In Iraq, 12 years of U.S. invasion and occupation have left that country crippled, tens of thousands of Iraqi civilians dead, homes, schools, hospitals, electrical and sanitation systems destroyed, some some 2 to 4 million refugees, depending on whose figures you use. Iraquis’ air, soil, water, blood and gene pool have been contaminated with depleted uranium, resulting in birth defects and cancers. And the environment is littered with unexploded cluster bombs.

The Vietnam war has been called “an unprecedented assault on the environment.” Ten percent of southern Vietnam’s tropical forests, including one-third of its coastal mangroves were destroyed by herbicides. Mangroves play a vital role in coastal ecology and provide a rich source of food that sustains fish populations. Over the course of 13 years, from 1961 to 1974, Vietnam was repeatedly hit by cluster bomb units (CBUs), affectionately called “bomblets,” large bombs, napam, land mines, and toxic chemicals. The country’s soils, water systems, biological diversity, and even its climate were affected. During the course of the war, the United States admitted it dropped 72 million liters of chemicals on Vietnam, most of it Agent Orange. This highly toxic agent contained the most dangerous type of dioxin called TCDD, which stands for 2, 3, 7, 8 tetrachlorodibenzo-para-dioxin. Known to cause almost every kind of cancer, TCDD spread throughout Vietnam’s drinking water and soils and entered the food chain. From there, the toxic chemical got into the blood of animals, including humans, where it entered the germ cells, subverted DNA, the basic molecule of life, and caused mutations – babies born with two heads, fingers and toes that drop off, strange limbs, and retarded growth. Both human and environmental effects will continue long into the future.

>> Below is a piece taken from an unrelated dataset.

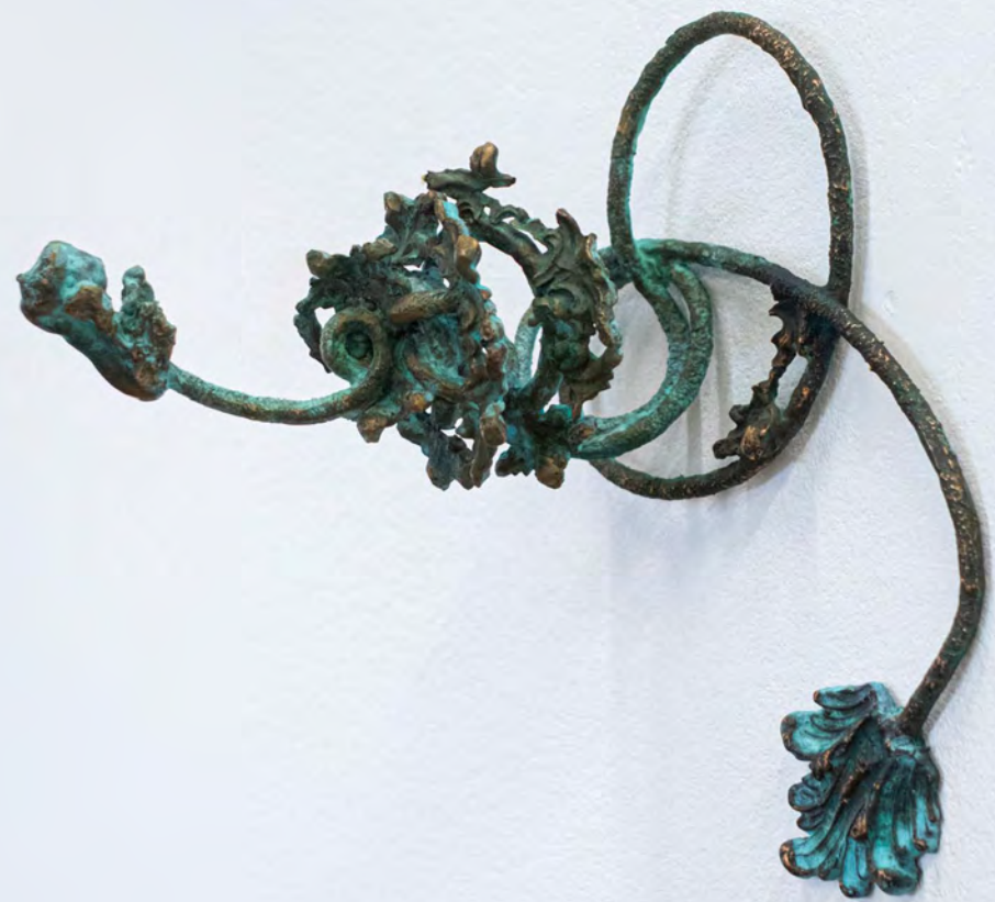
Dernier souffle , 2025 Bronze 18x25x17cm

The most devastating assault on humanity, one that launched the horror of nuclear war, occurred in August 6, 1945, when the United States dropped the first atomic bomb, nicknamed “Little Boy,” on the Japanese city of Hiroshima. Watching the mushroom cloud boiling up from what had been a city filled with life, Colonel Paul Tibbets, the pilot of the B-29 airplane that dropped the bomb, wrote in his journal: “My God, what have we done?” The heat, air pressure, and radiation from the explosion made it seem as if a sun had exploded. Within seconds, people, buildings, plants, and all animal life within a 1.5-mile radius was vaporized. For months and years to come, people exposed to the radiation died – more than 140,000 by the end of 1945. An estimated total of 200,000 people are believed to have died as a result of the bomb.

Three days later, on August 9, 1945, the United States dropped a second atomic bomb, this one on the city of Nagasaki. Approximately 70,000 people died by the end of 1945 as a result of this bomb, nicknamed “Fat Man.”

One might have thought that the horror, suffering, death, and devastation caused by these two bombs would have been enough for governments to take immediate action to outlaw such weapons. Instead, it triggered a nuclear arms build-up, known as the Cold War, between the United States and the former Soviet Union that continues to threaten the entire planet even though the Cold War has ended. The activities of producing these deadly weapons and the disposal of the waste by-products have created entire areas of the planet that are now radioactive.